*WHAT TO WORK ON*.
Begin your copy at the line with "Apartment in Los" in the records below and end it at the line with "Cho tam giác", restating each line word for word; omit the pictures.
(LISTED RECORDS)
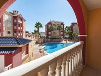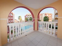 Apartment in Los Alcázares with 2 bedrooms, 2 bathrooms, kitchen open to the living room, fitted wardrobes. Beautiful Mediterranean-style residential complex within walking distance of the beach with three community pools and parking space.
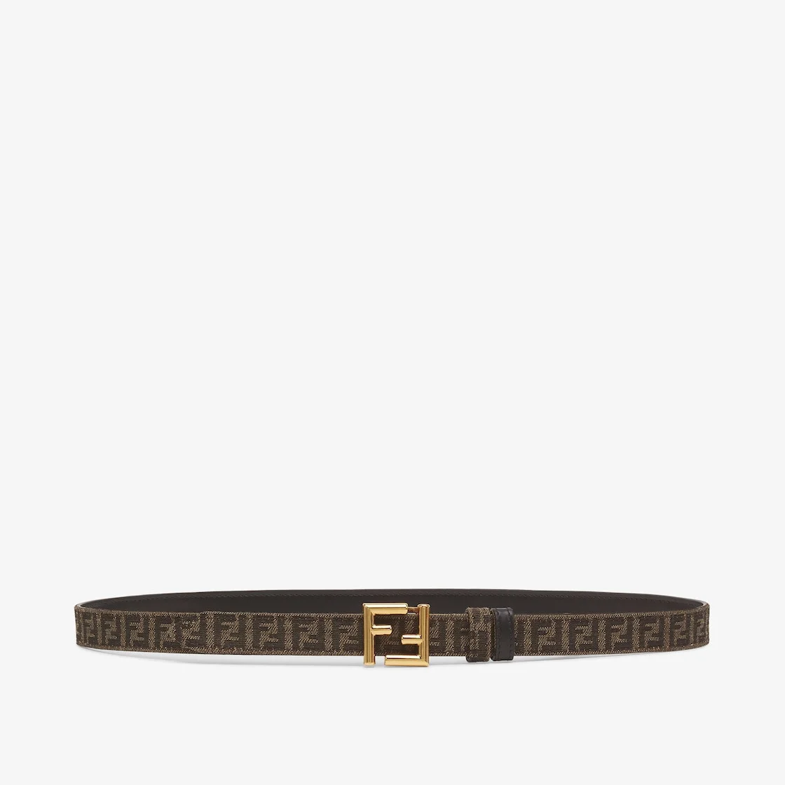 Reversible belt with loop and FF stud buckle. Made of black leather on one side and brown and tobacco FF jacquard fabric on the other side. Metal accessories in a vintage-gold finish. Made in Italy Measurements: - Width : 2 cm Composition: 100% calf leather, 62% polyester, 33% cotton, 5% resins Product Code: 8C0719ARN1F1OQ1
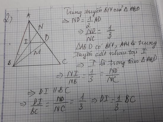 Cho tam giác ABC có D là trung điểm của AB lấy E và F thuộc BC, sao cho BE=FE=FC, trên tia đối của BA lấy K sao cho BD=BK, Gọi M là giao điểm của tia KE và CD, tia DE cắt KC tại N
(End LISTED RECORDS)
(LISTED RECORDS)
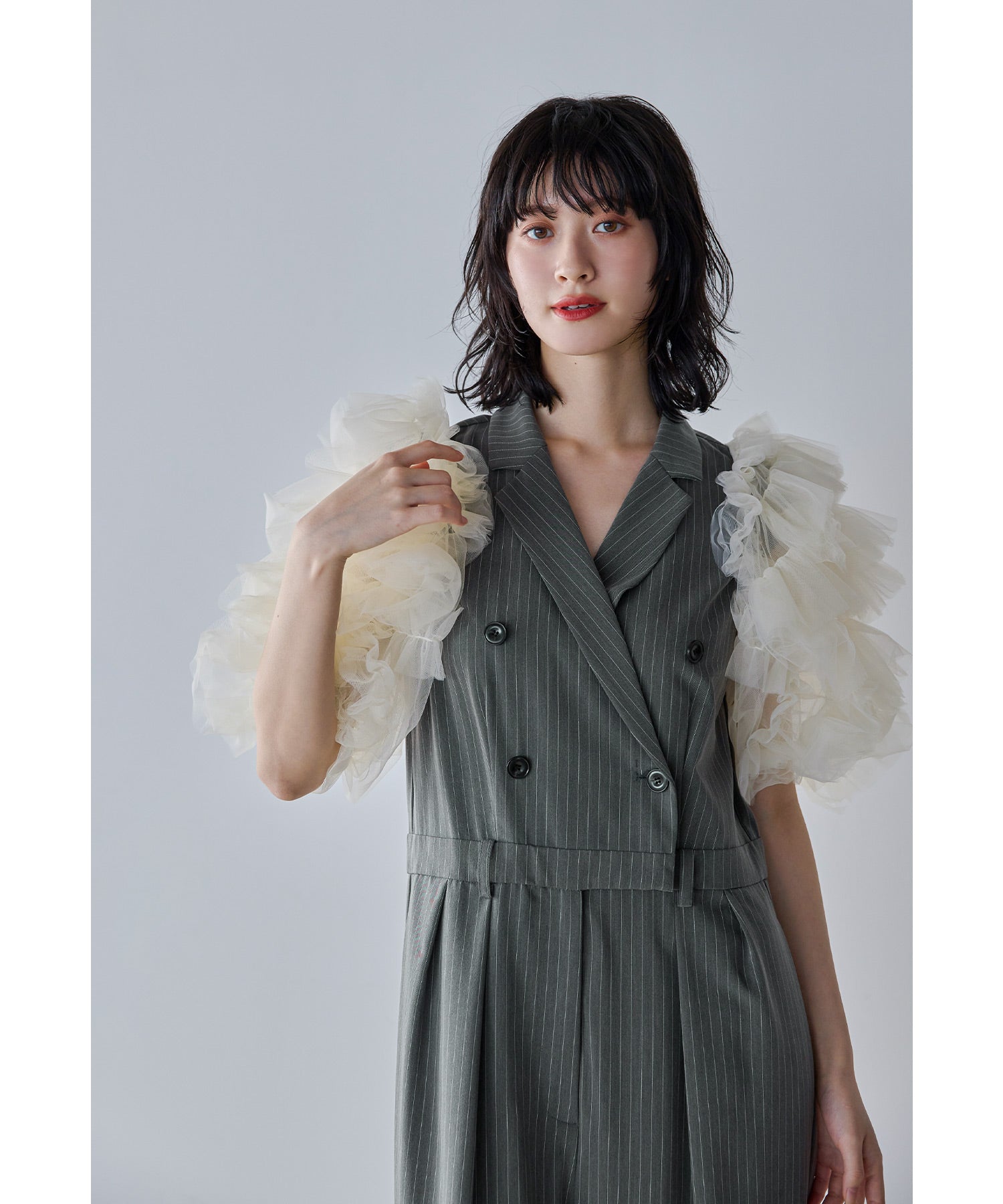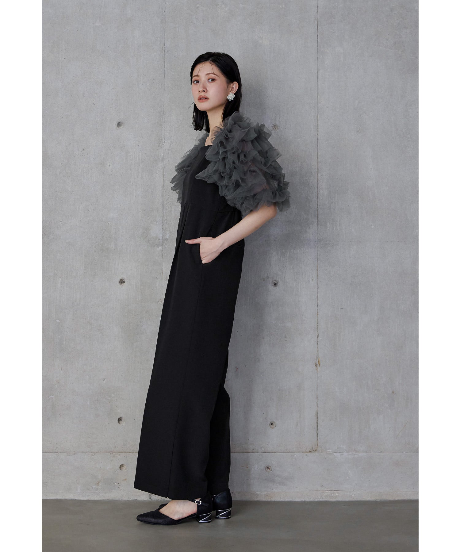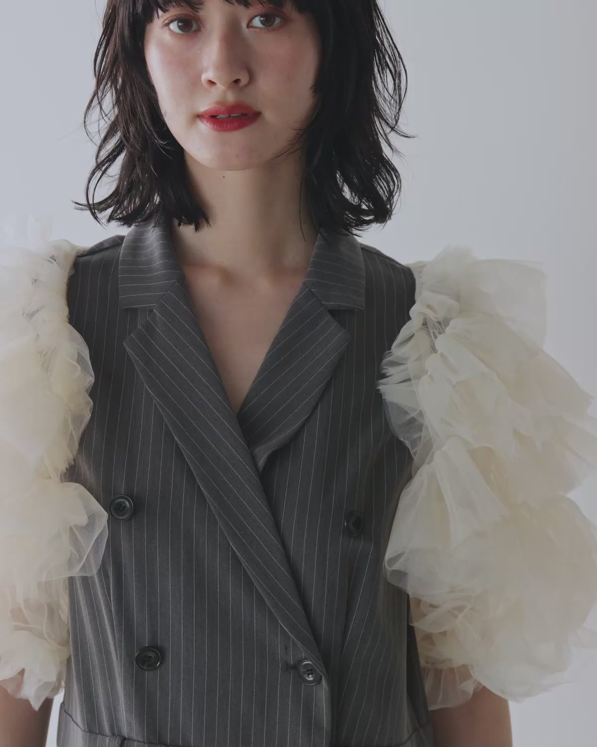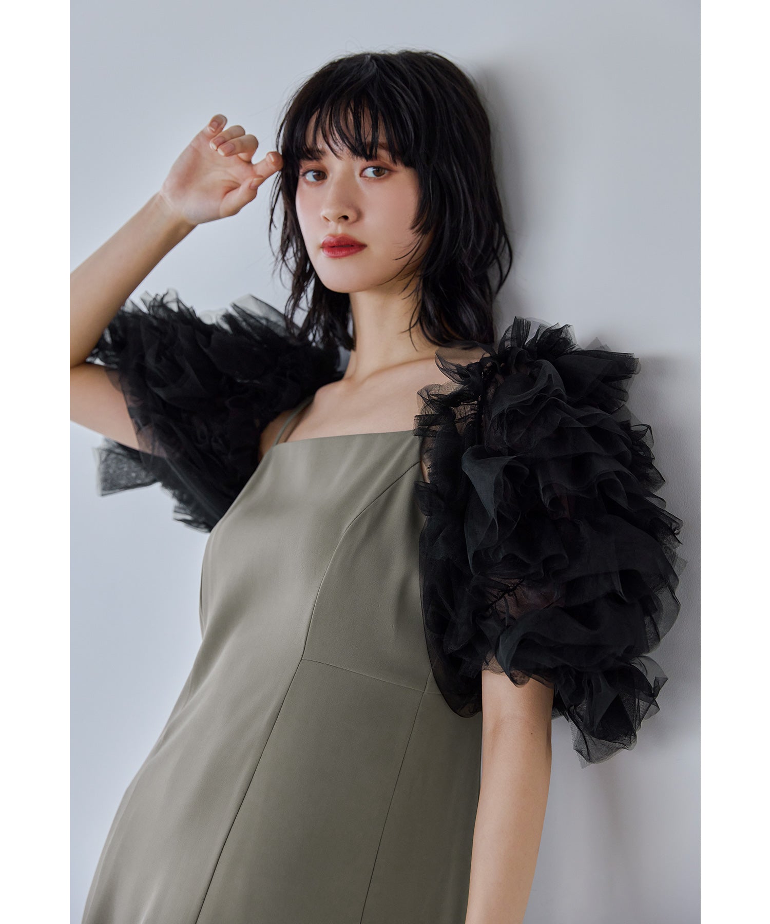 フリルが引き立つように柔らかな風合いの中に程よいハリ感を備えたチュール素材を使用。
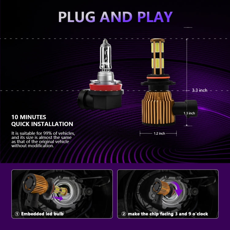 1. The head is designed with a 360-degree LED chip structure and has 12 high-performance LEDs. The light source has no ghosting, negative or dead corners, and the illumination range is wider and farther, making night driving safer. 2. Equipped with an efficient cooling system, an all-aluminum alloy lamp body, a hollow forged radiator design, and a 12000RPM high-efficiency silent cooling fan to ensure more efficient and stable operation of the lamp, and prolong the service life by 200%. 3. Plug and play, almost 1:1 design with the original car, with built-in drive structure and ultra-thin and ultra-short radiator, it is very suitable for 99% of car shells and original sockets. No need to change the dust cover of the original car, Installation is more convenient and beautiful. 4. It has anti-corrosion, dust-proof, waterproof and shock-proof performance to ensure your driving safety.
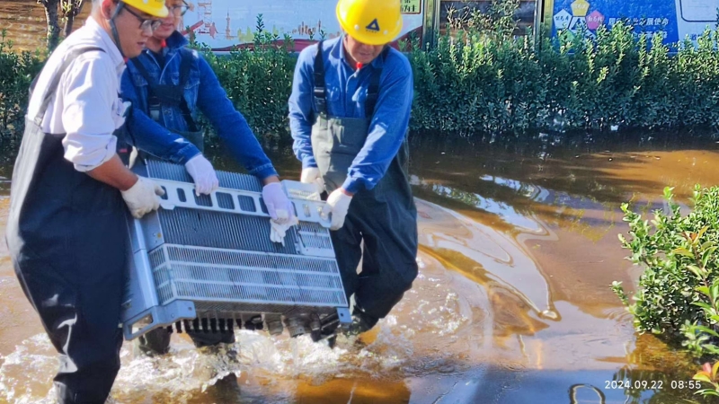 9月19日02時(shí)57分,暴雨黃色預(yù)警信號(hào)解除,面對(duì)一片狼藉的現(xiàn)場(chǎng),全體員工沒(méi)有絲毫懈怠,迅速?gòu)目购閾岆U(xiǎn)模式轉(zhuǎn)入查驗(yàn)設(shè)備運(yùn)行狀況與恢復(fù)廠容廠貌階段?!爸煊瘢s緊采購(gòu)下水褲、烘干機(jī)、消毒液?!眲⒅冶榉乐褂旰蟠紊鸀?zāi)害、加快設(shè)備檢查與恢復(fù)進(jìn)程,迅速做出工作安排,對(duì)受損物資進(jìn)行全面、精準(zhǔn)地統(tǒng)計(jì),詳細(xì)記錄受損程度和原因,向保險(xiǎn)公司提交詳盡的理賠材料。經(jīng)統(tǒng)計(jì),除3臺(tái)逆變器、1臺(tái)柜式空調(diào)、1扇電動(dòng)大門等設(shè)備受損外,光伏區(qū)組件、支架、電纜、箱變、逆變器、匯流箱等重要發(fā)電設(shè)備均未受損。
(End LISTED RECORDS)
*SOLUTION*.
 Apartment in Los Alcázares with 2 bedrooms, 2 bathrooms, kitchen open to the living room, fitted wardrobes. Beautiful Mediterranean-style residential complex within walking distance of the beach with three community pools and parking space.
 Reversible belt with loop and FF stud buckle. Made of black leather on one side and brown and tobacco FF jacquard fabric on the other side. Metal accessories in a vintage-gold finish. Made in Italy Measurements: - Width : 2 cm Composition: 100% calf leather, 62% polyester, 33% cotton, 5% resins Product Code: 8C0719ARN1F1OQ1
 Cho tam giác ABC có D là trung điểm của AB lấy E và F thuộc BC, sao cho BE=FE=FC, trên tia đối của BA lấy K sao cho BD=BK, Gọi M là giao điểm của tia KE và CD, tia DE cắt KC tại N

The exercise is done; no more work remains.